Retype every record exactly. Leave the pictures out.

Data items
-=-=-=-=-
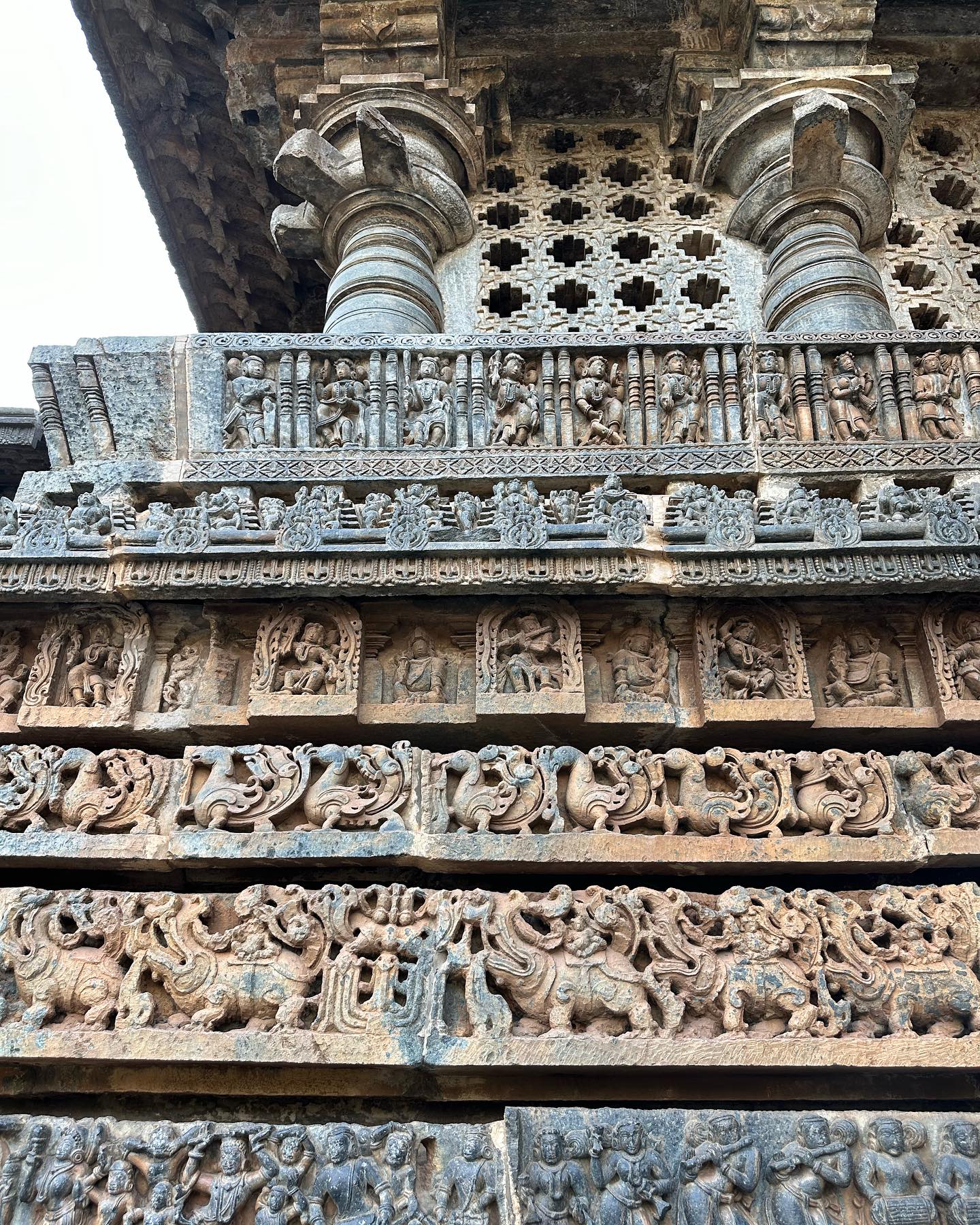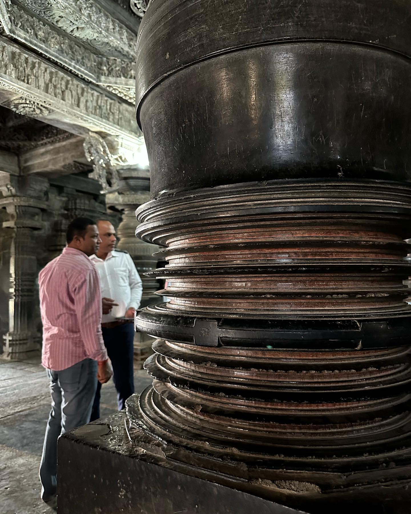 まずは、リゾートから遠距離にあるハレビドゥ (Halebidu)という町にあるホイサレシューヴァラ寺院 (Hoysaleshwara Temple)へ。ハレビドゥ は、かつてホイサラ帝国の首都であった。寺院の建造は、ヴィシュヌヴァルダナ王によって1121年ごろに着工され、約40年後の1160年に完成したという。
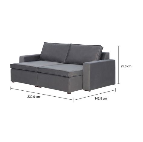 Sofá com estrutura em madeira maciça (Pinus Elliottii), OSB (Oriented Strand Board), percintas elásticas, molas bonnel, espuma de poliuretano (D26/assento e D23/braços), manta acrílica e tecido 100% poliéster. Possui assento extensível/retrátil.
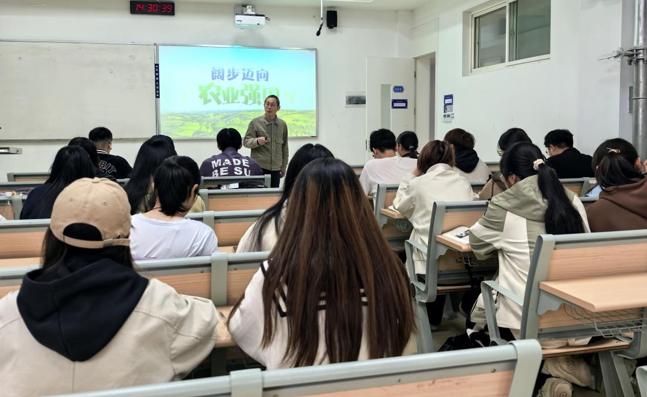 课堂上,刘校长从国家战略高度出发,结合党的二十大报告中关于农业农村工作的部署,深刻阐述了做好“三农”工作、建设农业强国的重大意义,指出农业强国是社会主义现代化强国的根基。他通过详实的数据和生动的案例,深入浅出地讲解了我国粮食安全现状、农业科技发展、现代农业经营体系构建以及农业国际合作等方面内容,帮助同学们理解农业在国家发展全局中的基础性、战略性地位。
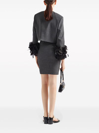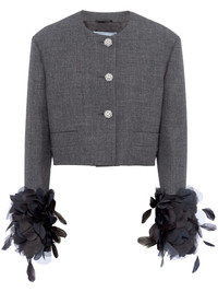 feather-trim single-breasted wool jacket Prada juxtaposes sharp lines and delicate embellishments in the design of this cropped jacket. Spun from wool to a structured silhouette, it's adorned with crystal-encrusted buttons and a frothy feather plume at each cuff. Highlights - Slate grey - Wool - Feather-trim detailing - Crystal-embellished buttons - Round neck - Front button fastening - Long sleeves - Two front welt pockets - Straight hem Composition Wool 100%
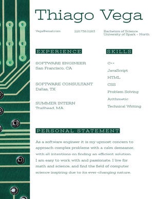 Have fun engineering an exciting resume. Take a standard-looking summary and add some excitement to it by adding colors, customizing typefaces, or incorporating a digital-themed graphic. You can also get creative with your skills. Rather than list out the programs you work with, consider using icons, logos, or progress bars.
-=-=-=-=-
# OUTPUT OF THE TASK
 まずは、リゾートから遠距離にあるハレビドゥ (Halebidu)という町にあるホイサレシューヴァラ寺院 (Hoysaleshwara Temple)へ。ハレビドゥ は、かつてホイサラ帝国の首都であった。寺院の建造は、ヴィシュヌヴァルダナ王によって1121年ごろに着工され、約40年後の1160年に完成したという。
 Sofá com estrutura em madeira maciça (Pinus Elliottii), OSB (Oriented Strand Board), percintas elásticas, molas bonnel, espuma de poliuretano (D26/assento e D23/braços), manta acrílica e tecido 100% poliéster. Possui assento extensível/retrátil.
 课堂上,刘校长从国家战略高度出发,结合党的二十大报告中关于农业农村工作的部署,深刻阐述了做好“三农”工作、建设农业强国的重大意义,指出农业强国是社会主义现代化强国的根基。他通过详实的数据和生动的案例,深入浅出地讲解了我国粮食安全现状、农业科技发展、现代农业经营体系构建以及农业国际合作等方面内容,帮助同学们理解农业在国家发展全局中的基础性、战略性地位。
 feather-trim single-breasted wool jacket Prada juxtaposes sharp lines and delicate embellishments in the design of this cropped jacket. Spun from wool to a structured silhouette, it's adorned with crystal-encrusted buttons and a frothy feather plume at each cuff. Highlights - Slate grey - Wool - Feather-trim detailing - Crystal-embellished buttons - Round neck - Front button fastening - Long sleeves - Two front welt pockets - Straight hem Composition Wool 100%
 Have fun engineering an exciting resume. Take a standard-looking summary and add some excitement to it by adding colors, customizing typefaces, or incorporating a digital-themed graphic. You can also get creative with your skills. Rather than list out the programs you work with, consider using icons, logos, or progress bars.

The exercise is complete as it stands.